El color es física cuántica
Antes de entrar en los carotenoides específicos, conviene entender por qué las moléculas tienen color. La respuesta está en la mecánica cuántica de los electrones π.
Cuando una molécula tiene dobles enlaces alternados con enlaces simples — un sistema conjugado — los electrones π de todos esos dobles enlaces quedan deslocalizados sobre toda la cadena. Cuanto más largo es el sistema conjugado, más pequeña es la diferencia de energía entre el orbital molecular ocupado de mayor energía (HOMO) y el desocupado de menor energía (LUMO). Cuando esa diferencia energética (ΔE) corresponde a un fotón en el rango visible (400–700 nm), la molécula absorbe luz visible y su complemento aparece como color.

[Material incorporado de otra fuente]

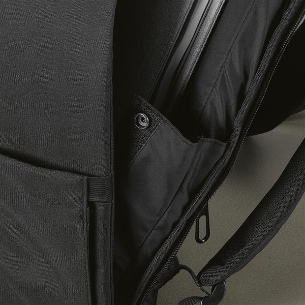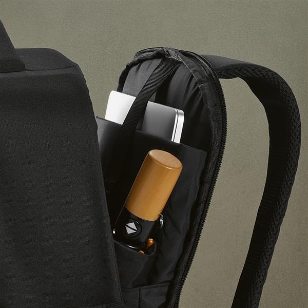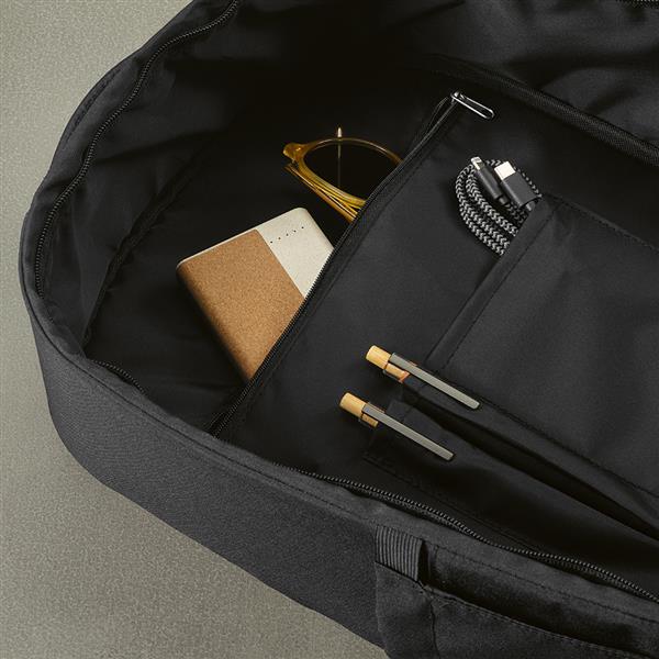 Odkryj komfort w naszym plecaku rPET 16L. Ukryta przednia kieszeń, wyściółka pleców, pasek do wózka, wzmocniony uchwyt i paski na ramiona. Wewnętrzna wyściełana przegroda na laptopa 17” i dyskretne boczne kieszenie na butelki. Zapakowany w indywidualną bawełnianą torbę z recyklingu.

Los carotenoides son sistemas conjugados largos. El β-caroteno tiene 11 dobles enlaces conjugados en su cadena central. Con ese sistema, absorbe máximamente alrededor de 450 nm (azul-violeta) y refleja el complemento: naranja. El licopeno del tomate tiene 11 dobles enlaces pero en disposición ligeramente diferente (sin los anillos terminales del β-caroteno), absorbiendo un poco más hacia el rojo → el tomate es rojo.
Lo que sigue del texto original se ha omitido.